Professional ratings
Aggregate scores
| Source | Rating |
| Metacritic | 76/100 |
Review scores
| Source | Rating |
| AllMusic |  |
| Exclaim! | 7/10 |
| Now |  |
| Pitchfork | 7.7/10 |
| Pop Magazine | 4.5/5 |

===Accolades===

Accolades for Scenery
| Publication | List | Work | Ranking | Ref |
|---|---|---|---|---|
| Pop Magazine | Best Albums of 2019 | Scenery | 18 |  |

==Track listing==

Scenery track listing
| No. | Title | Length |
|---|---|---|
| 1. | "Remind Me" | 4:03 |
| 2. | "Teach You" | 4:07 |
| 3. | "Can't Hold Me" | 4:27 |
| 4. | "Look at Me Now" | 3:12 |
| 5. | "Caliche" | 3:53 |
| 6. | "Blue Light" | 3:47 |
| 7. | "Forgiveness" | 3:47 |
| 8. | "Running" | 3:47 |
| 9. | "Interlude (What Love Is)" | 1:43 |
| 10. | "Marigolds" | 3:02 |
| 11. | "2nd Guess" | 3:53 |
| 12. | "Go Back" | 4:14 |
| Total length: |  | 44:00 |

==Charts==

Chart performance for Scenery
| Chart (2019) | Peak position |
|---|---|
| US Top Current Album Sales (Billboard) | 86 |
| US Heatseekers Albums (Billboard) | 6 |
| US Independent Albums (Billboard) | 14 |

==Change of Scenery==

Change of Scenery is a remix EP by American singer-songwriter Emily King, featuring remixes of songs from her third studio album Scenery.
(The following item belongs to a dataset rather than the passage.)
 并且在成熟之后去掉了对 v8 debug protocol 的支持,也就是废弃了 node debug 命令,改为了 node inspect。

It was released on October 11, 2019 by ATO Records.

===Track listing===

Change of Scenery track listing
| No. | Title | Length |
|---|---|---|
| 1. | "Forgiveness" (Wynne Bennett Remix) | 3:11 |
| 2. | "Can't Hold Me" (Machinedrum Remix) | 4:11 |
| 3. | "Blue Light" (Taylor McFerrin Remix) | 3:27 |
| 4. | "Go Back" (Wantigga Remix) | 3:32 |
| 5. | "Can't Hold Me" (King Britt Anthem Mix) | 5:38 |
| Total length: |  | 19:59 |

==In popular culture==
Can't Hold Me appears in the Steven Universe Future episode Bismuth Casual twice.
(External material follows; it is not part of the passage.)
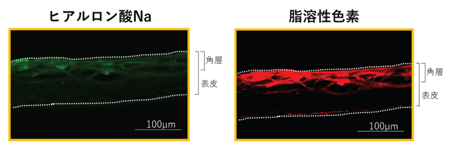 【試験方法】脂溶性色素と蛍光標識したヒアルロン酸Na(分子量10〜30万)を配合した

1. The song is heard playing on the car radio in the beginning of the episode as Steven, Connie, Pearl and Bismuth are heading to the roller rink.
2. The song is heard playing at the roller rink when Stevonnie is skating.

==Instrumental album==
Scenery (Instrumentals), An album of instrumental versions of all the album's tracks (excluding "Interlude (What Love Is)") was released on June 19, 2020.